Currently I am working with a sudoku grid and I have the binary image. I am using Regionprops to get the area of the connected components and then turn the rest of the image black. After this I call the OCR method to try and read the sudoku numbers. The problem is that this only works if the sudoku grid in the image is straight and upright. If it is rotated even a little bit I am not able to pull the numbers. This is the code I have so far:

% get grid connected parts
conn_part = bwconncomp(im_binary);

% blacken area outside
stats = regionprops(conn_part,'Area'); 
im_out = im_binary;  % Make mask
im_out(vertcat(conn_part.PixelIdxList{[stats.Area] < 825 | [stats.Area] > 2500})) = 0; 

imagesc(im_out); 
title("Numbers pulled");
sudokuNum = ocr(im_out,'TextLayout','Block','CharacterSet','0123456789');
sudokuNum.Text;

Where im_binary is the binary image

im_out is the output image

stats is the object returned from regionprops containing the area of the connected components

I know I can rotate the image before getting the OCR results by doing:

im_out = imrotate(im_out, angle)

However I don't know what angle the grid is at since this is part of a function that loops through for multiple images. I looked into the regionprops method because there is an attribute 'Orientation' which I can pull from there but I don't understand how I would actually use it. It also states that regionprops will return a value between -90 and 90, but my image could be rotated by more than 90 degrees.

Answer 1

Don't rotate the connected component or the binary image. First use the binary image to determine the rotation, then rotate the original grey-scale or color input image, and then binarize the rotated image. You'll be able to transform with interpolation, which will improve your results greatly. It does require to do the binarization step twice, but I don't think this step usually is too expensive.

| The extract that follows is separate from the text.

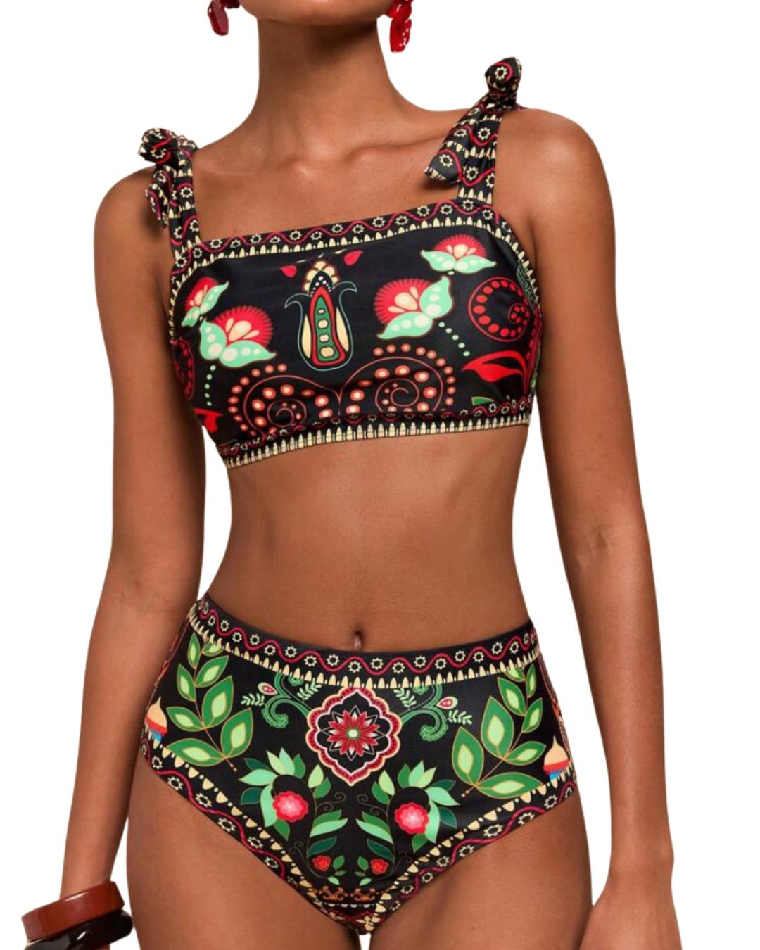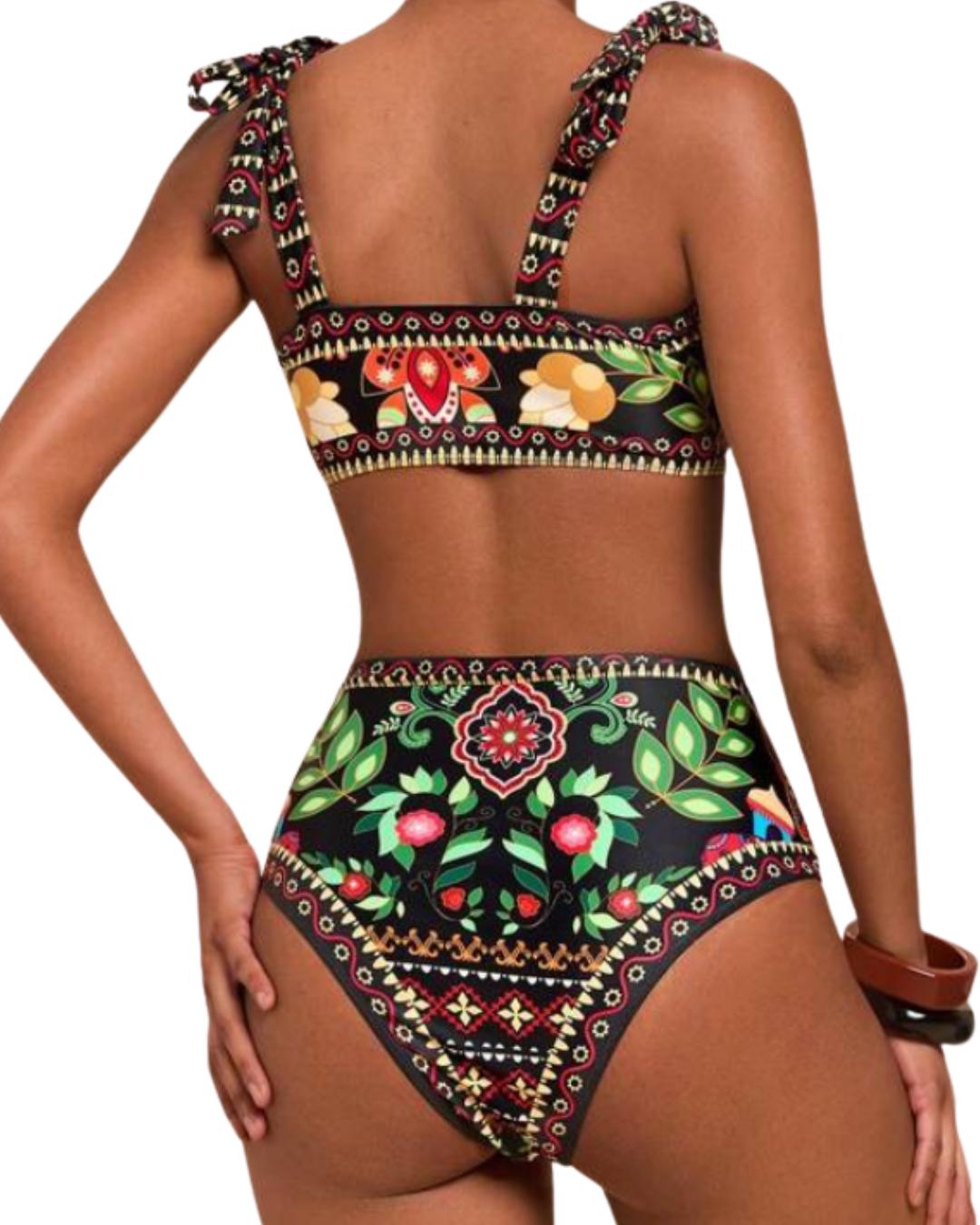 Floral Print Tie Shoulder Bikini Swimming Costume Set.

The regionprops orientation feature is computed by "fitting" an ellipse to the shape. This is meaningful only for elongated objects. For a square sudoku grid this will not yield any valuable information.

Instead, look at the angle at which the smallest Feret diameter was obtained. The Feret diameters are the lengths of the projections at arbitrary angles. At one angle, this projection is smallest. By necessity it will be at an angle corresponding to one of the principal axes of the square. Here is more information about how to compute Feret diameters in MATLAB.

A different alternative is e.g. to use the Hough transform to detect the lines of the grid.

Do note that the geometry of the puzzle will never tell you about which side is up. The angle you get here should be taken modulo π/2 (i.e. constrain to the range -π/4 to π/4).

To know what direction is up you might do by trying to read the text, if it fails, rotate by 90 degrees and try again.